Ski resort in New Mexico, United States

Pajarito Mountain Ski Area (Pajarito) is located on the north face of Pajarito Mountain, one of the Jemez Mountains in north central New Mexico, west of Los Alamos. It is located on 850 acre of privately owned land. Pajarito Mountain is owned and operated by volunteers and Mountain Capital Partners. A typical season runs from Christmas to early April, but an outstanding season may run from Thanksgiving to late April. Pajarito now has a snowmaking system and it is producing snow. Season passes are available with discounts available for early season purchase.

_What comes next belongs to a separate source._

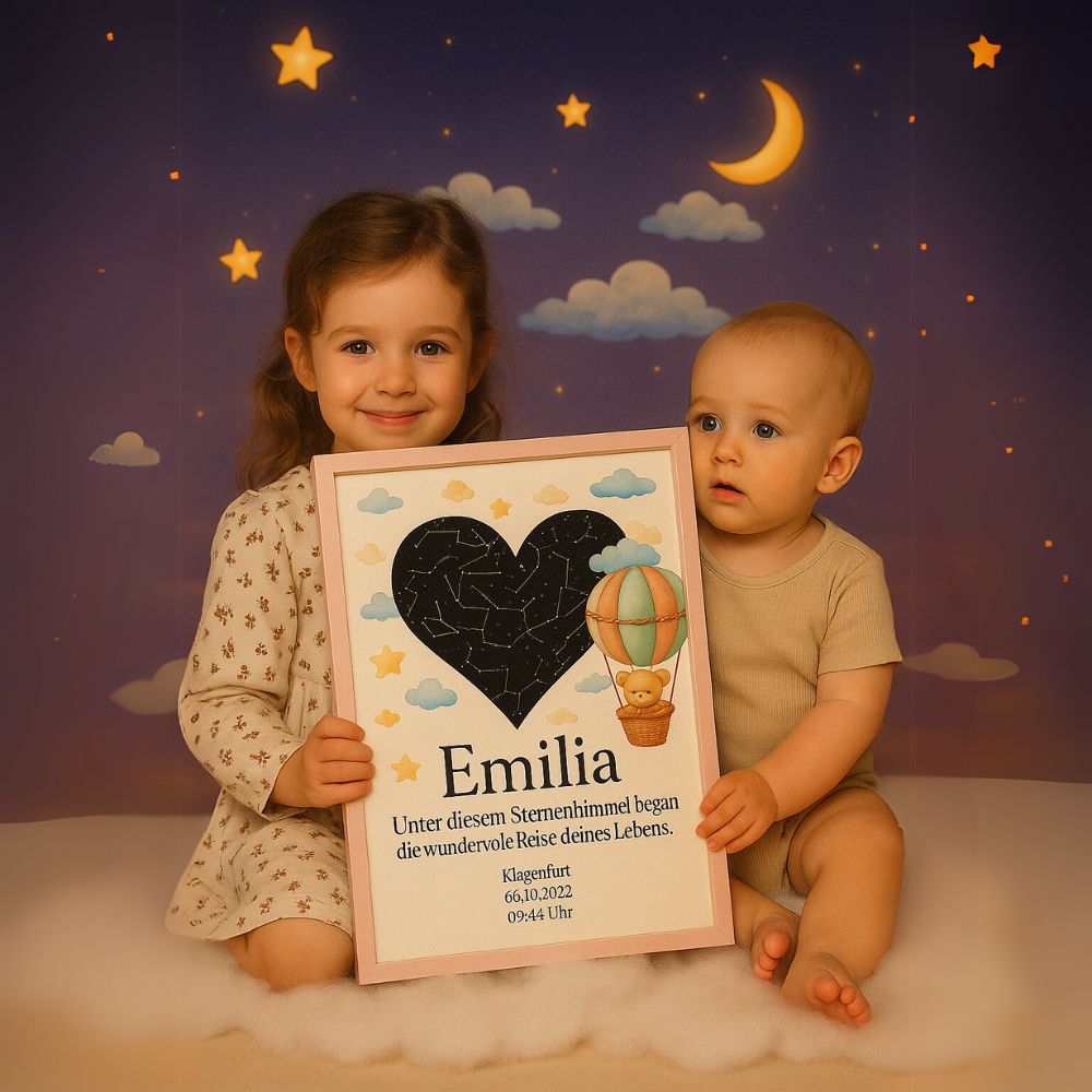 Unsere personalisierten Sternenkarten-Poster zeigen dir den Sternenhimmel eines ganz besonderen Augenblicks – ob zur Geburt, Taufe, Hochzeit oder als Erinnerung an einen magischen Tag. Mit Angaben zu Datum, Uhrzeit und Ort erstellen wir eine detailgetreue Sternenkarte, die durch ihre emotionale Bedeutung und ihr stilvolles Design begeistert.

In summer, Pajarito hosts numerous special events, many involving mountain biking. An extensive network of single and double track mountain bike trails criss-cross the mountain, including a new singletrack trail going to the summit. Pajarito hosts lift access downhill and freeride mountain biking off the Spruce chair, and has continued to do so after the Las Conchas Fire in 2011. There also are hiking trails, and horse riding is permitted everywhere except on the mountain bike trails. Adjacent to Pajarito is a Los Alamos County campground, Camp May; Santa Fe National Forest; and Valles Caldera National Preserve.

== Origin of the name ==
Pajarito means "little bird" in Spanish and was first associated with the area by the archeologist Edgar Lee Hewett who was in turn inspired by Tsirege, which means "bird place" in the Tewa language. Tsirege is a prominent archaeological site located on property owned by Los Alamos National Laboratory.

== History ==
Pajarito Mountain first opened on 23 November 1957 with no toilets, no water, no grooming, no modern lifts and a few short slopes. The Aspen run received a T-bar for the 1962–1963 season. An additional 400 acre of land was purchased in the late 1960s and the first chairlift installed on the Spruce run for the 1969–1970 season. A similar two person chairlift was installed on the Big Mother run for the 1976–1977 season. A beginners lift was installed, to replace a rope tow, for the 1981–1982 season, and a triple chairlift replaced the T-bar for the following 1982–1983 season. Construction of the new Ski Lodge began in the summer of 1987 and was finished for the 1988–1989 season. A quad chairlift was completed in 1994 for the Townsight run.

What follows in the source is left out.